BTW, the database use RDS in cloud with 4 cpu 16GB mem, 2000 max connections and 8000 max IOPS.

Bantustan answered 12/10, 2019 at 8:21 Comment(10)
If every request you send needs 10 connections to the database, and you have only 10 connections in your pool, then only 1 request can be handled at a time. Your threading strategy might increase the response time for one request. But if you expect continuous concurrent requests, doing things sequentially, without this threading strategy, will probably be simpler, as efficient, need less connections, and have proper transactional isolation semantics and thus return coherent results. But sure, you can increase the number of connections in the pool, since you can have 2000 max.Friedcake
Did you try to composite the result in the database?Absolutely
@MarmiteBomber We can not do that in database.Bantustan
@JBNizet: I am not sure why Your threading strategy might increase the response time for one request. For a single request, my thread strategy will use 10 threads each use a connection in the pool, which I think may decrease the response.Bantustan
@Bantustan sorry, I meant "improve", not "increase".Friedcake
'To speed up the response time, I create a FixedThreadPool in my service to query each table in different thread': this is already fallacious. The database is multi-threaded up to a point, but at some point it has to lock tables, or indexes, and in any case the intervening network isn't multi-threaded. Don't overthink this.Allege
@user207421: According to our bussiness logic,there is not much we can do to speed up the response time from the database .Bantustan
Sorry but doing something with 10 tables and then processing the data: that suggests that the database should combine things and/or a couple of data are not organized optimally. Besides: summary data could be done with database triggers. A factor 10 faster does not reach improvements on things like indices. (I understand that sometimes it cannot be helped.)Logy
I think your approach is not correct what if you optimize the query. You are querying 10 tables in a different thread which will increase the cost of resources. Only one thread will work well with a well-written query.Garcon
@huser I didn't say you could speed up the response from the database. I don't know anything about your database and I would not presume to guess. What I did say, as did others, is that your approach to doing that at the client end with threads is fallacious.Allege
C
6

You might want to think about a few more parameters:
1. Max concurrent request parameter for the database. Cloud providers have different limits of concurrent requests for different tiers, you might want to check yours.
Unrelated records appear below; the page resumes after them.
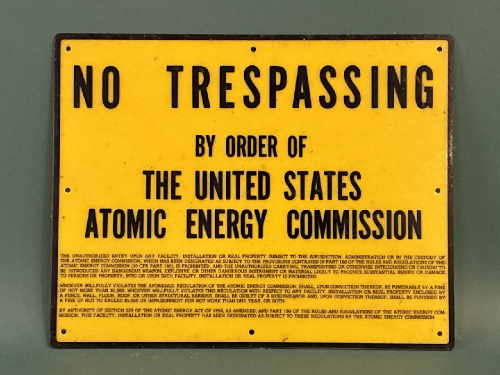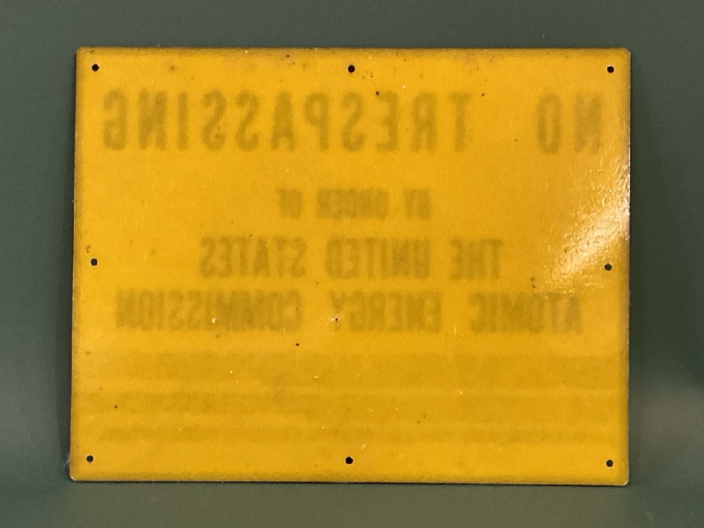 Yellow Plastic Atomic Energy Commission Sign C. 1950’s
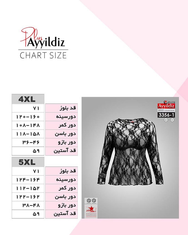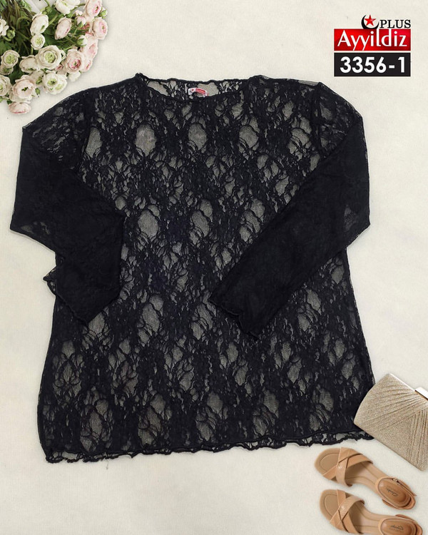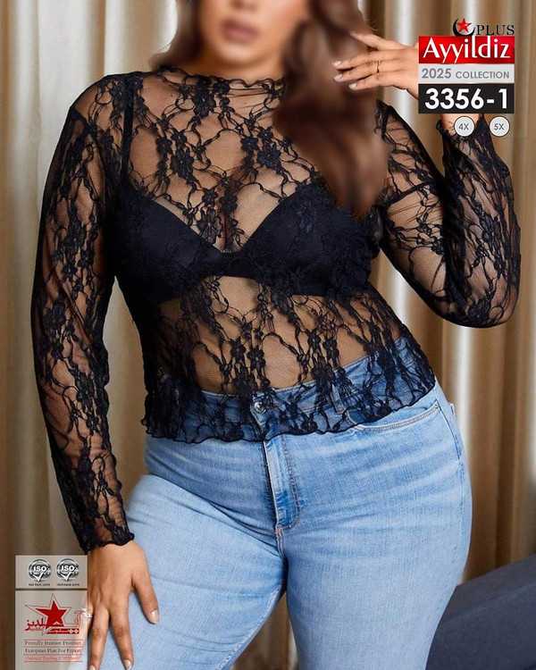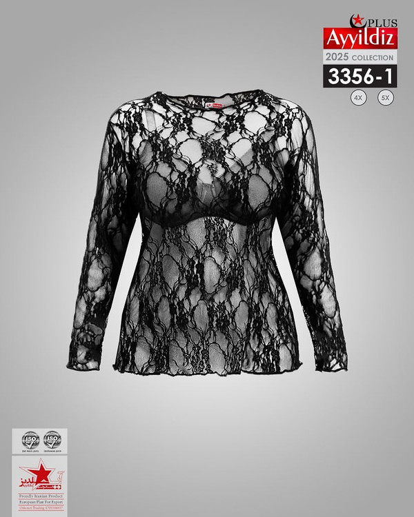 کد 3356 بلوز تمام گیپور سایز بزرگ آییلدیز دوخت و کیفیت تضمینی تنخور عالی سایز 4 مناسب ۴۴ تا ۴۸ سایز ۵ مناسب ۵۰ تا ۵۶ جنس گیپور اعلا رنگ مشکی ارسال فوری
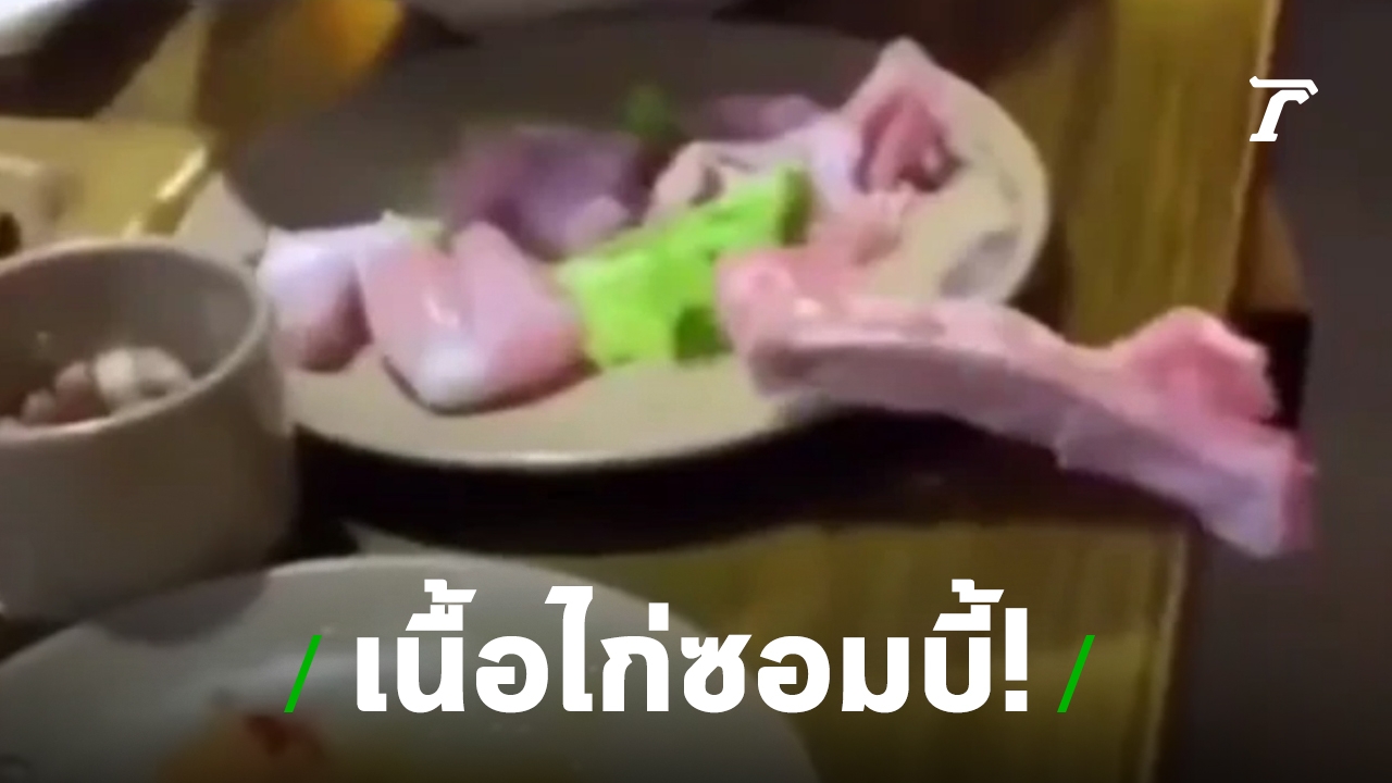 ลูกค้าร้านอาหารแห่งหนึ่ง สามารถบันทึกภาพวินาทีที่ เนื้อไก่สดบนจานอาหาร จู่ๆ ก็ขยับแล้วค่อยๆ คลานลงจากโต๊ะอาหารอย่างน่าสยดสยอง
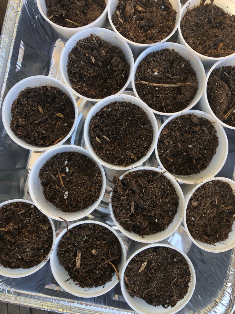 This year, I opted to use dixie cups and solo cups instead of paper pots for seed starting and, boy, it has made things easier. I may roll some paper pots as I get more herbs going, things that will grow quickly and be transplanted quickly, but I’ve been happy with the switch. They hold up much better to jostling and watering, are much easily to fill with dirt, and they’ll provide a deeper base for root development, especially on things like tomatoes. A drill works great to make drain holes in the bottom, easily putting holes in 100 cups in, oh, three minutes. It really speeds up the planting. I’ll be able to save them this year and reuse for next, so that’ll be a nice time-saver.
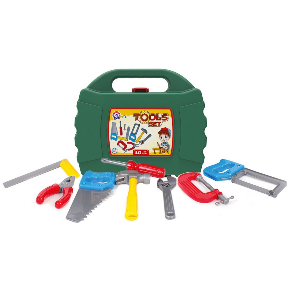 Ми пропонуємо нашим маленьким покупцям справжній набір інструментів, саме такий, який має кожен хороший господар. До речі, коли тато побачить у руках свого малюка інструменти, він одразу згадає про кран, що протікає на кухні, про що вже кілька разів згадувала мама, і таки зрештою підтягне гайку. А малюк отримає чудовий урок на прикладі батька.
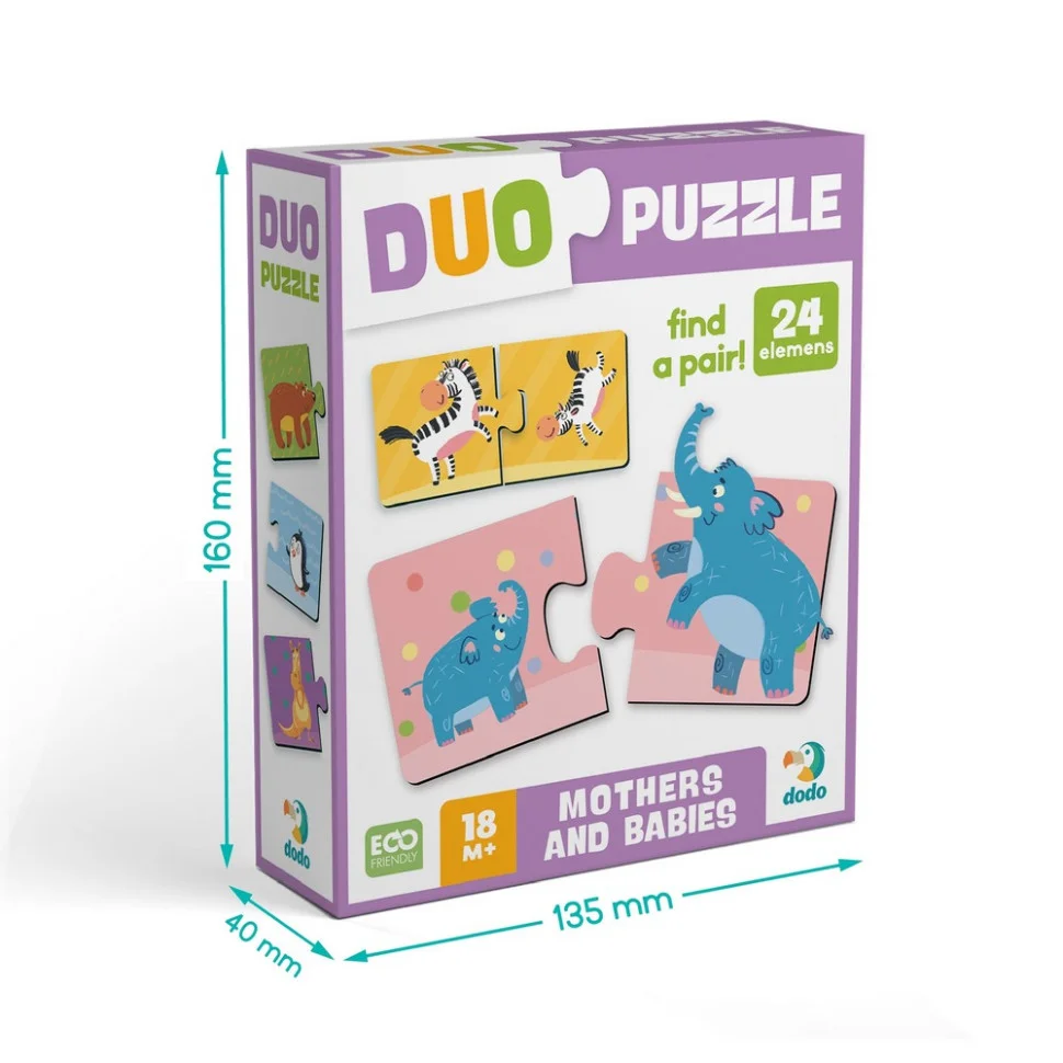 Пазл Dodo DUO “Мама і малюк” стане чудовим вибором для домашніх занять, розвитку в дитячому садку або як невеликий корисний подарунок для малюків. Якісні матеріали, милий дизайн і продумана навчальна концепція роблять його не просто іграшкою, а справжнім інструментом раннього розвитку, який дарує радість пізнання щодня.
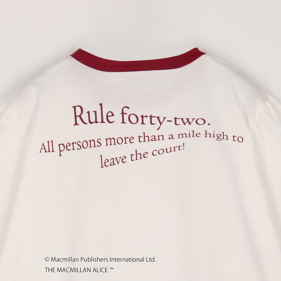背面には不思議の国のアリスより法廷でのハートの王様のセリフがプリントされています。
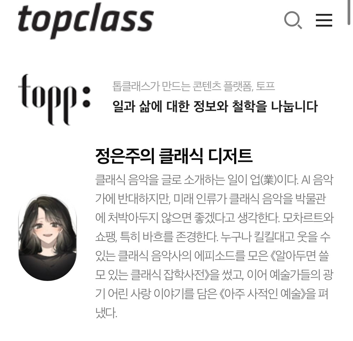 애정하는 <톱클래스> 토프 “정은주의 클래식 디저트”에 임윤찬에 대한 이야기를 썼습니다.

2. When you say 50-200 ms, although it is difficult to say, are there 8 requests of 50ms and 2 requests of 200ms on an average or all of them pretty much the same? Why? Your doQuery might be limited by the query taking maximum time (which is 200ms), but the threads taking 50 ms will get released after it's task is done making them available for next set of requests.

3. What is the QPS you are expecting to receive?

Some calculations: If a single request takes 10 threads, and you have provisioned 100 connections with 100 concurrent query limit, assuming 200ms for each query, you can only handle 10 requests at a time. Maybe a little better than 10 if most queries take 50ms or so (but I wouldn't be optimistic).

Of course, some of these calculations goes for a toss if any of your queries takes >200ms (network latency or anything else) , in which case I recommend you have a circuit breaker, either at the connection end (if you are allowed to abort the query after a timeout) or at the API end.

Note : max connection limit is not the same as max concurrent query limit.

Suggestion: Since you need response under 500ms, You can also have a connectionTimeout of about 100-150ms on the pool. Worst case: 150ms connection timeout + 200ms query execution + 100ms for application processing < 500ms for your response. Works.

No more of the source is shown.